One might argue that these policies and practices would eliminate the Roman Catholic Church as an institution.  Resisting the impulse to ask “What’s wrong with that?”  we must point out (as Protestants do) that Christianity did not begin in all-male splendor and arrogance like the Roman Empire but in fact was born in congregations based in homes and community, recommending both humility and generosity.  This was the revolution powered by the personhood of Jesus, who was revolutionary and heretic in terms of the standing order of his times.  Not to accept and live out Jesus’ Gospel is not to be Christian.

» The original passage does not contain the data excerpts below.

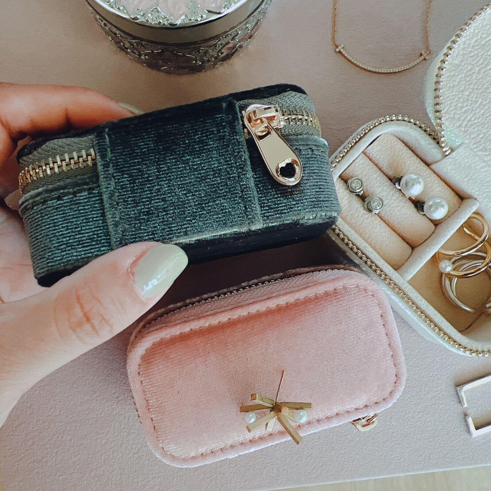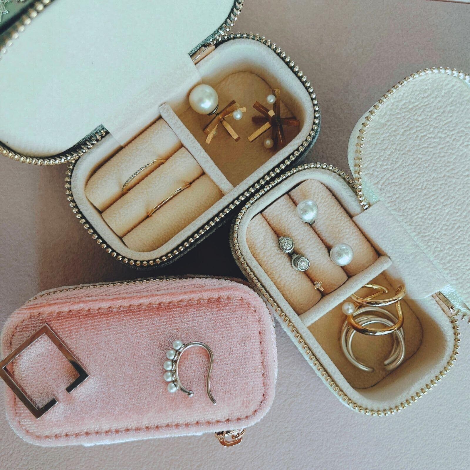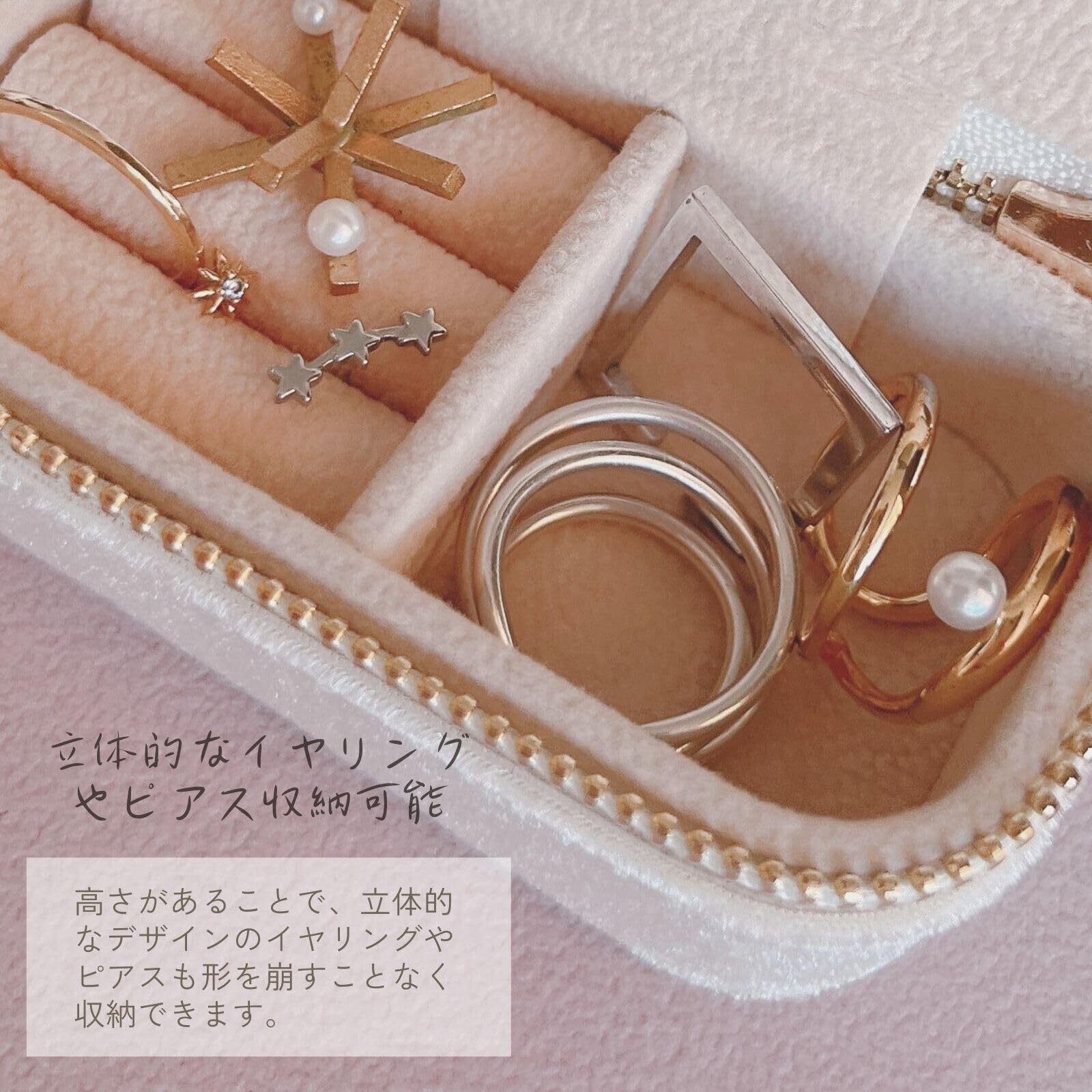 軽量でありながら耐久性に優れたソフトベルベット素材を採用。内部にはジュエリーを個別に収納できる仕切りを設け、ファスナーも付き、紛失や絡まりを防ぎます。ジム、ヨガ、出張、旅行先で大切なアクセサリを楽に保管。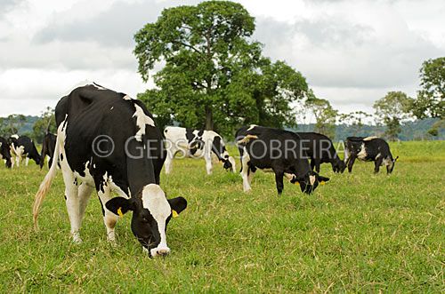 Título: Gado leiteiro pastando em grama Estrela |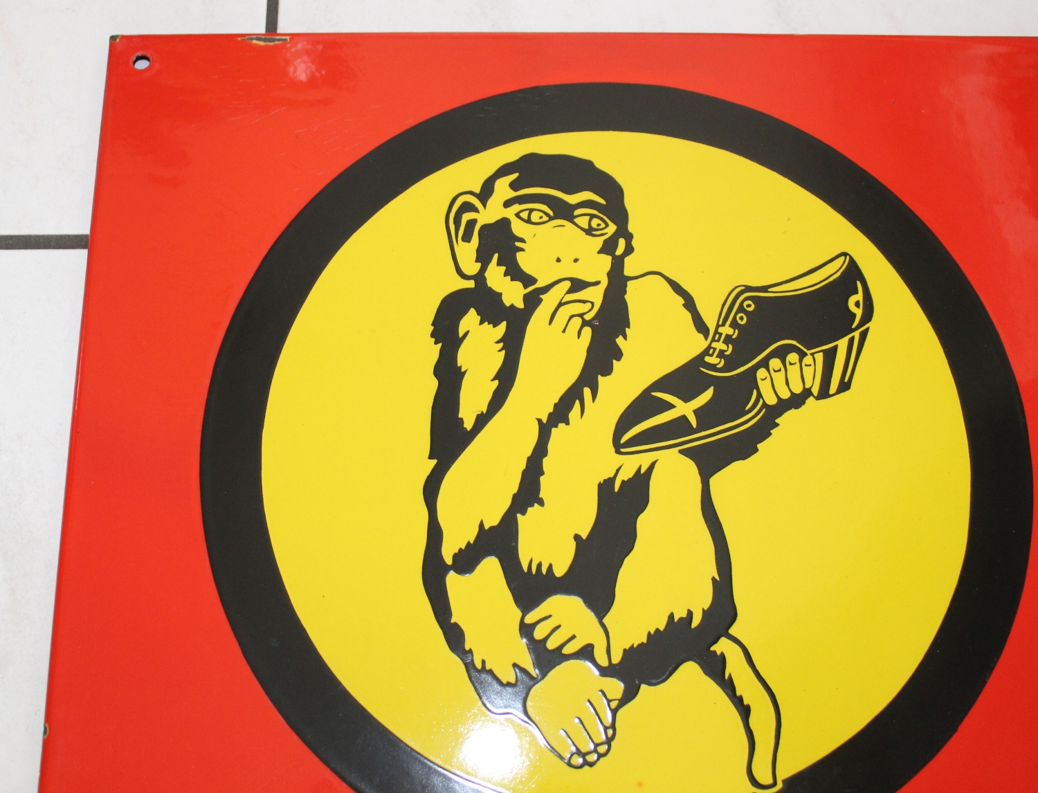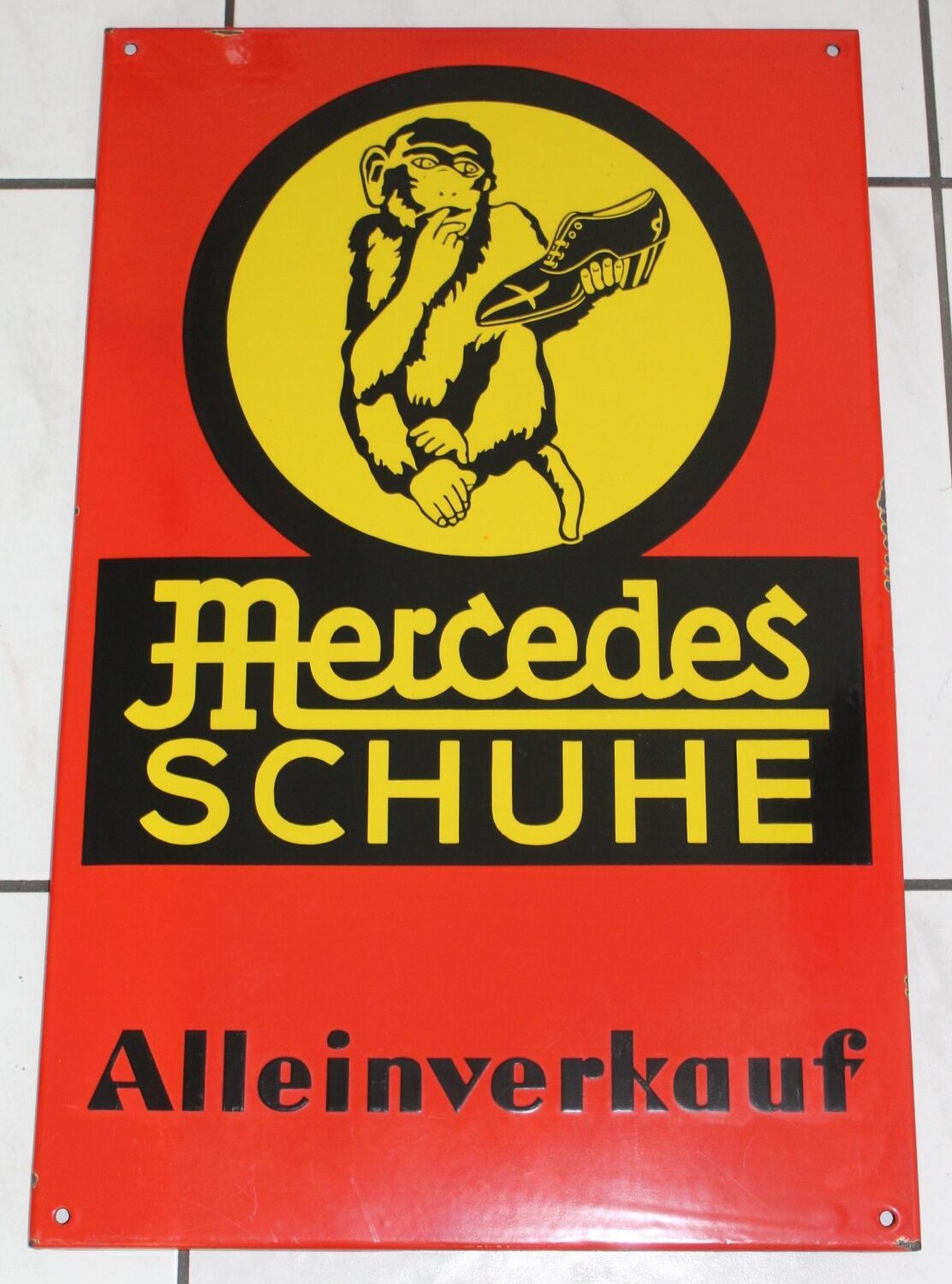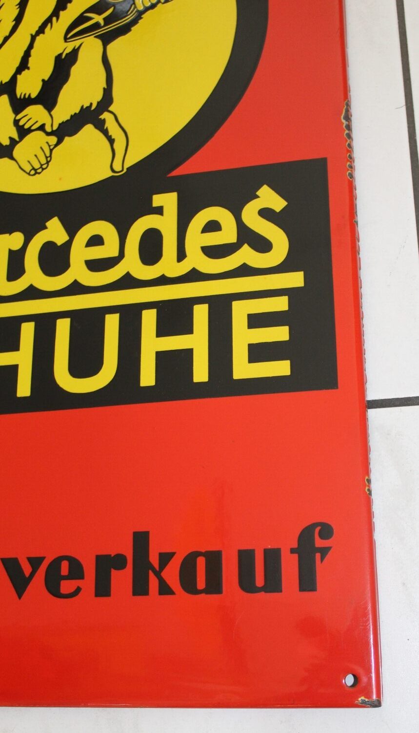 Originales Mercedes Schuhe Alleinverkauf Emailschild aus Deutschland, aus den 50er Jahren, Zustand sehr gut, Emailabplatzer im Randbereich, diverse minime Oberflächenkratzer, Rand abgekantet, schöner Glanz, Breite: 43.5cm, Höhe: 68.5cm.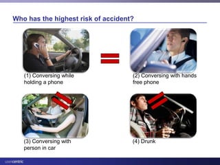 The document discusses the impact of usability in various contexts, particularly in healthcare technology, emphasizing the significant cognitive impairments caused by cell phone use while driving. It highlights user performance metrics, design implications, and recommendations for improving usability in user interfaces and form layouts. Key concepts include the importance of typography, eye tracking, and the psychological aspects of user interaction with technology.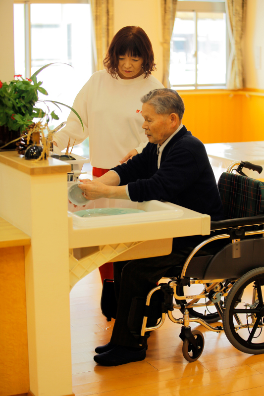 食事だけでなく、立位や歩行、整容動作など、日常の生活行為が身体機能の維持・回復にとって必要です。私たちは、利用者様が『生活をする』という視点で、残存機能を活かしながら、日常生活の中でのリハビリ(生活リハ)を提案させていただきます。基本的な動作だけではなく、食器洗いや洗濯物たたみ、買い物など、在宅でされていた活動をそのまま継続できるように、また自分からしたいと思えるような支援と、それが可能な環境を提供させていただきます。メリハリある生活を習慣化し、利用者様が笑顔で過ごせる施設づくりを目標に私たちは日々業務に励んでいます。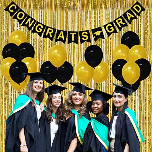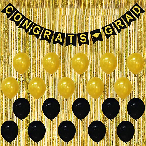 • What You Will Get: 1 Congrats Grad banner 2 set Foil Fringe Curtain 15 Black Latex Balloons 15 Gold Latex Balloons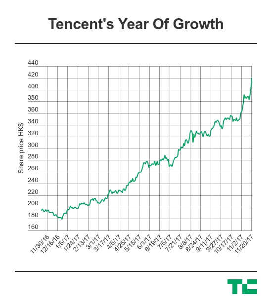 Entry to the half-a-trillion-dollar club — which includes Apple, Alphabet, Facebook, Microsoft and Amazon — comes a week after Tencent posted a profit of 18 billion RMB ($2.7 billion) on revenue of 65.2 billion RMB ($9.8 billion) for Q3 2017. Overall profit was up 69 percent year-on-year and revenue rose by 61 percent thanks to Tencent’s games business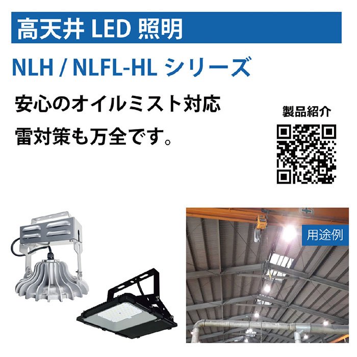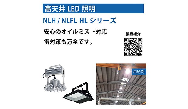 “耐オイルミスト”の技術を生かし開発されたNLHシリーズは突入電流やサージ、瞬間停電に対応しています。誘導電サージを迂回させる免電設計で、落雷や雷放電から製品を守ります。天井高が低めの工場においても、無駄無く広範囲を照射するNLFL-HLシリーズも好評発売中です。配光角が120°であることに加え、本製品は角度調整機能付きであるため全体的に照射したい場合や局部的な明るさが必要な場面にも対応しています。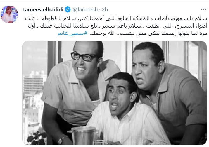 وكتبت الإعلامية لميس الحديدي، عبر صفحتها بموقع التواصل الاجتماعي "تويتر"،: "سلام يا سموره.. يا صاحب الضحكة الحلوة اللي أمتعتنا كتير. سلام يا فطوطة يا ثالث أضواء المسرح، اللي انطفت.. سلام يا عم سمير.. بلغ سلامنا للحبايب عندك.. أول مرة لما يقولوا اسمك نبكي مش نبتسم.. الله يرحمك".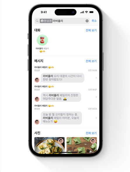 사람, 키워드, 그리고 콘텐츠 유형(사진, 링크) 등 다양한 검색 필터를 조합해 검색 범위를 좁히는 방식으로 원하는 메시지를 더욱 정확하게 찾을 수 있음.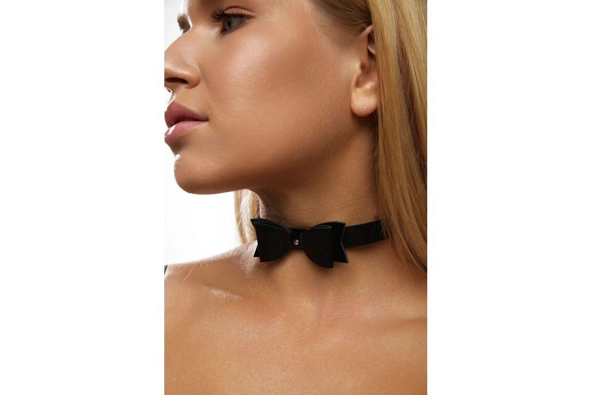 Черный кожаный однослойный чокер с бабочкой — стильный аксессуар для взрослых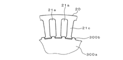 図9は、ギア形状を有するローラ300aと積層体20との係合状態を示す図である。図9に示すように、ティース部21cの先端部間、すなわちスロット21aの内径側開口部にローラ300a表面に形成されたくさび300bを挿入しながらこのローラ300aを回転させることにより、積層体20が曲げられる。このとき、隣接するティース部21cの先端部の間にはローラ300aのくさび300bが挿入されるため、先端部間の周方向幅がくさび300bの周方向幅よりも小さくなることはなく、ティース部21cの周方向位置を拘束することができる。なお、ローラ300aの表面に形成されたくさび300bは、スロット21aの内部まで進入しない程度の高さに設定されている。また、くさび300bの周方向幅は、最終形状としての固定子鉄心21のスロット21aの先端部間の周方向幅にほぼ一致するように設定されている。

There is something in humans that wants empires.  As soon as religion-based institutions are founded, unless there are efforts at prevention, there begins a drive towards empire, special classes, and the accumulation of wealth.  This is true of Hindu and Islam and Native American tribal groups.  Many worthy religious systems try to build-in ways to restrict or shape such tendencies:  jubilee, tithing, potlatches, reversals, parables, and so on.  The priests’ vows of poverty, chastity, and obedience were meant to be this kind of restraint.  If the Pope is indeed the top of the hierarchy and if a Pope like Ratzinger spent years as an enforcer of the rules of the historical institution, then his business is to be rooting out abuses, not suppressing and denying them.  This should take precedence over seeking sainthood for old friends or protecting the image of the Church.
I am aware that many priests, especially in the immediate past decades, live harsh, pinched lives, overburdened with sometimes impossible tasks and diminished resources.  I am aware that priests in Ireland have grown up in a political and economic system that has deformed and famished them.  The church should feed and console its priests as well as guiding and shielding them.  The terrible craving for power and the willingness to use little children for sex are linked.  Linked.  Entwined.